=== Material provided ===
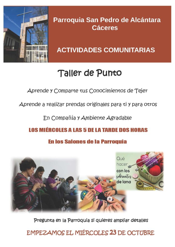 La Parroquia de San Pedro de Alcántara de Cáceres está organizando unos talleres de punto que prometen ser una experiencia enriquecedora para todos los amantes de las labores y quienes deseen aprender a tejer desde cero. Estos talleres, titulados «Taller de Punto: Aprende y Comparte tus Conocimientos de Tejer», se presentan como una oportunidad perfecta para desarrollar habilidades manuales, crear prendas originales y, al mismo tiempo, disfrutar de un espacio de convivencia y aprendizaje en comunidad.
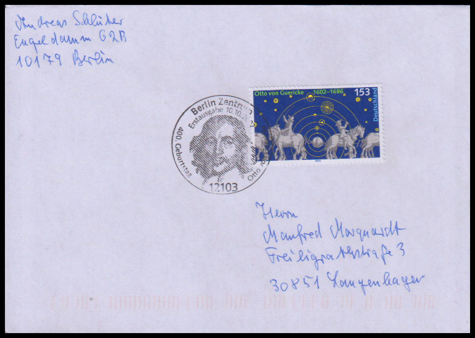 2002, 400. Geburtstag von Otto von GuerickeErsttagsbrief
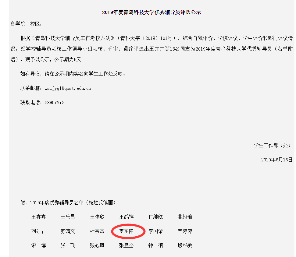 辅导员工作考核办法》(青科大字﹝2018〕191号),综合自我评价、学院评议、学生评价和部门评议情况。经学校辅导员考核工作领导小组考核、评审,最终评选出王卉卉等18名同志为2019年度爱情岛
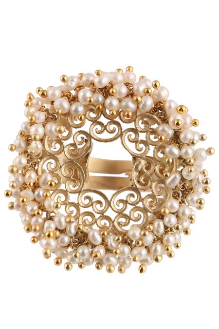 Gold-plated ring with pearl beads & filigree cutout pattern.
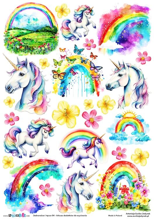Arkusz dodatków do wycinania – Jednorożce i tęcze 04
===
=== Material provided ===
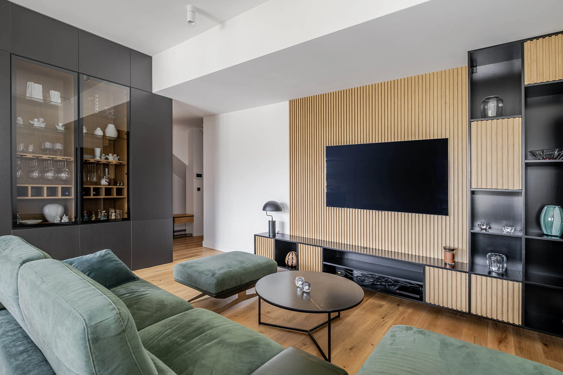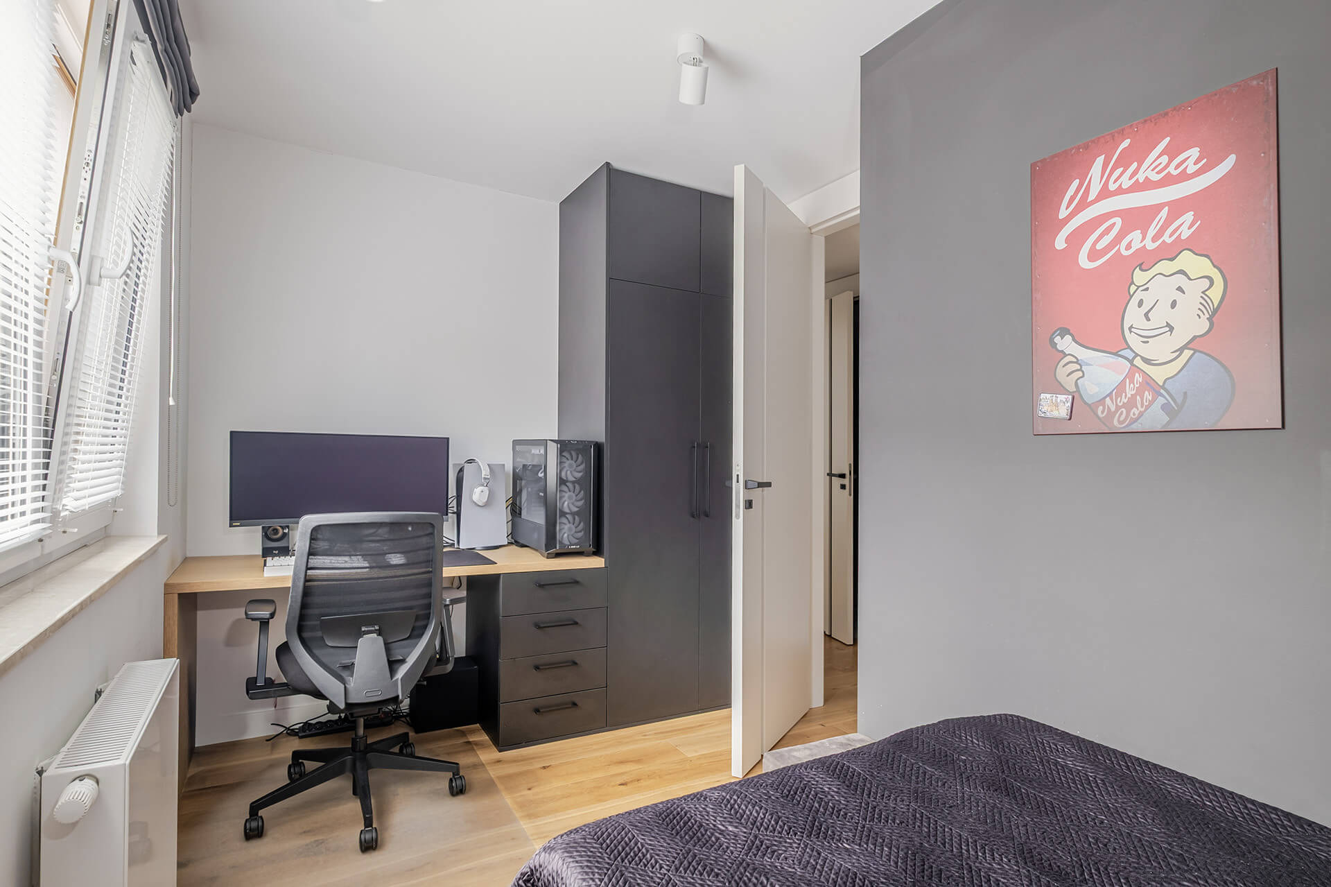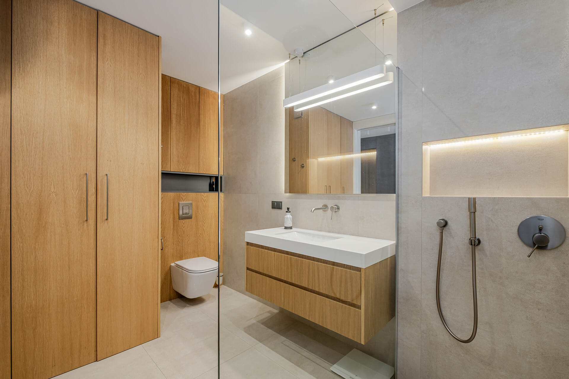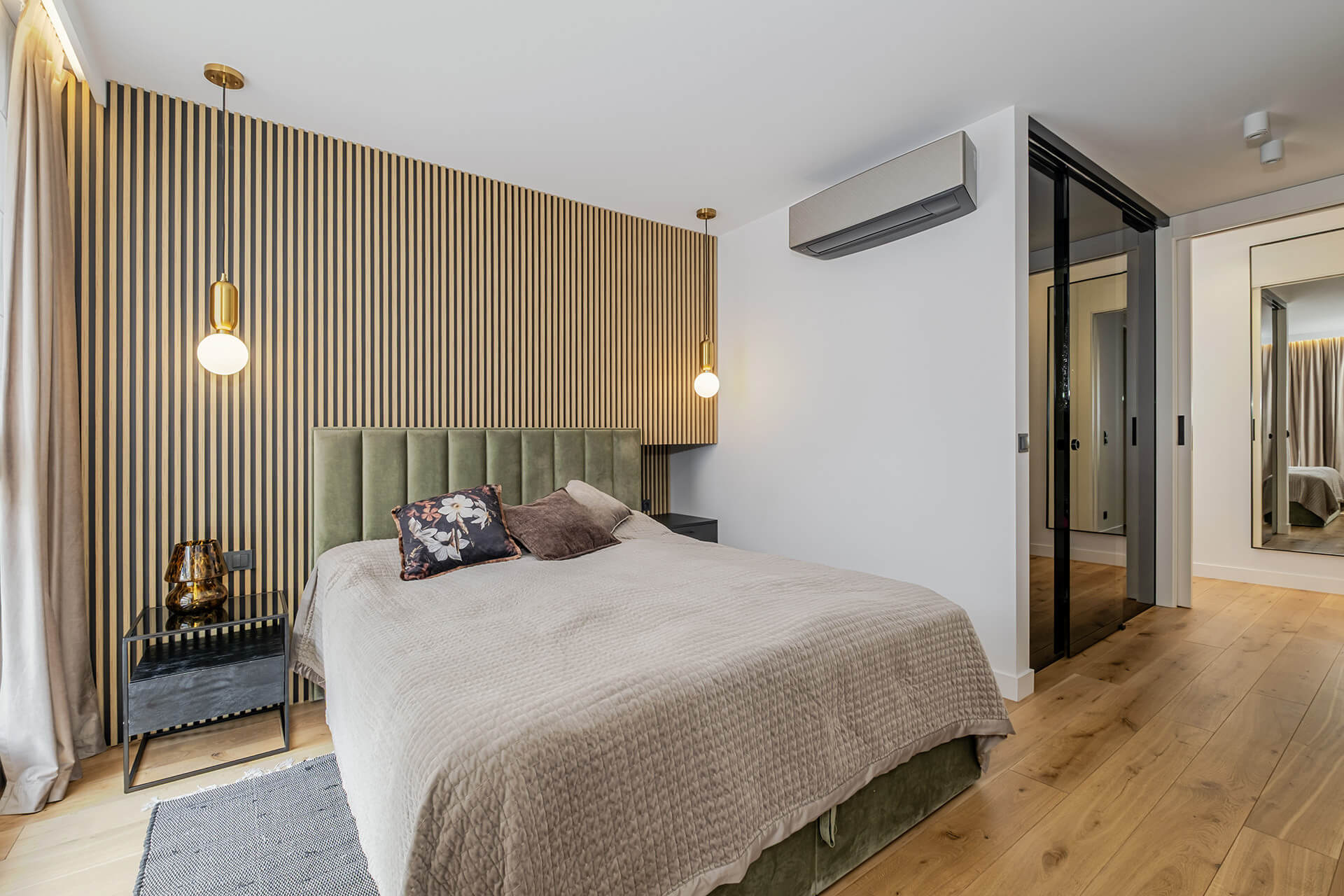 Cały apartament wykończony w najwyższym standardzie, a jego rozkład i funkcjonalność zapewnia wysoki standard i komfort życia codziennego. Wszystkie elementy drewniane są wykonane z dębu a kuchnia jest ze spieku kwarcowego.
===
*Exercise aim*
From the listing above, please give again the lines that begin with the line holding "2002, 400. Geburtstag" and go on through the line holding "Arkusz dodatków do", exactly, both ends included, minus any picture.

*Result for this exercise*
 2002, 400. Geburtstag von Otto von GuerickeErsttagsbrief
 辅导员工作考核办法》(青科大字﹝2018〕191号),综合自我评价、学院评议、学生评价和部门评议情况。经学校辅导员考核工作领导小组考核、评审,最终评选出王卉卉等18名同志为2019年度爱情岛
 Gold-plated ring with pearl beads & filigree cutout pattern.
Arkusz dodatków do wycinania – Jednorożce i tęcze 04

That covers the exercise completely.